WORK REQUEST ->
Ignoring every picture, return the lines of the listing below word for word, from the line that holds "O Sofá Namoradeira" through the line that holds "近代全球益生菌行业的发展主要".
Start of SOURCE INFORMATION
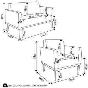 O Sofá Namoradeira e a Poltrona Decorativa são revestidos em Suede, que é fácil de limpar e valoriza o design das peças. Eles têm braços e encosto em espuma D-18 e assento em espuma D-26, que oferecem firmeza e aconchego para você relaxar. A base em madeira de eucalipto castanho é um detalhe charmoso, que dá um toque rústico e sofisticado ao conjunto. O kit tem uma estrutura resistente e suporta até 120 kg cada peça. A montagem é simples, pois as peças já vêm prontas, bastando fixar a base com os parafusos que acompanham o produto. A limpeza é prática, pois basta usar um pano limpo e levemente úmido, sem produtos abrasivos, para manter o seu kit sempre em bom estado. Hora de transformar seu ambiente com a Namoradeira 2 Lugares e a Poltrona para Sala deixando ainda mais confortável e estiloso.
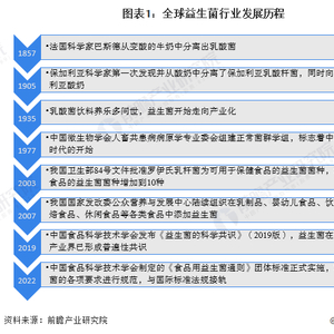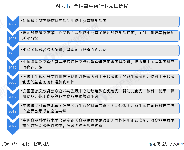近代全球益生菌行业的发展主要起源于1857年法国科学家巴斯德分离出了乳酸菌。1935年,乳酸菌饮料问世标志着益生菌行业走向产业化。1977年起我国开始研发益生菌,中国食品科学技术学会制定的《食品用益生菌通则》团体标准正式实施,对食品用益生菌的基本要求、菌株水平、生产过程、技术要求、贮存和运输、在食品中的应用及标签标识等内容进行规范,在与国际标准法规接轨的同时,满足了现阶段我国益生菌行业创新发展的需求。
End of SOURCE INFORMATION
Start of SOURCE INFORMATION
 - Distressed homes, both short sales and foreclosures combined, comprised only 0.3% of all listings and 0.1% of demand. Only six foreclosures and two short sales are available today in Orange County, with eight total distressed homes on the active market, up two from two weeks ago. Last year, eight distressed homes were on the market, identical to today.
End of SOURCE INFORMATION
ANSWER BELOW ->
 O Sofá Namoradeira e a Poltrona Decorativa são revestidos em Suede, que é fácil de limpar e valoriza o design das peças. Eles têm braços e encosto em espuma D-18 e assento em espuma D-26, que oferecem firmeza e aconchego para você relaxar. A base em madeira de eucalipto castanho é um detalhe charmoso, que dá um toque rústico e sofisticado ao conjunto. O kit tem uma estrutura resistente e suporta até 120 kg cada peça. A montagem é simples, pois as peças já vêm prontas, bastando fixar a base com os parafusos que acompanham o produto. A limpeza é prática, pois basta usar um pano limpo e levemente úmido, sem produtos abrasivos, para manter o seu kit sempre em bom estado. Hora de transformar seu ambiente com a Namoradeira 2 Lugares e a Poltrona para Sala deixando ainda mais confortável e estiloso.
近代全球益生菌行业的发展主要起源于1857年法国科学家巴斯德分离出了乳酸菌。1935年,乳酸菌饮料问世标志着益生菌行业走向产业化。1977年起我国开始研发益生菌,中国食品科学技术学会制定的《食品用益生菌通则》团体标准正式实施,对食品用益生菌的基本要求、菌株水平、生产过程、技术要求、贮存和运输、在食品中的应用及标签标识等内容进行规范,在与国际标准法规接轨的同时,满足了现阶段我国益生菌行业创新发展的需求。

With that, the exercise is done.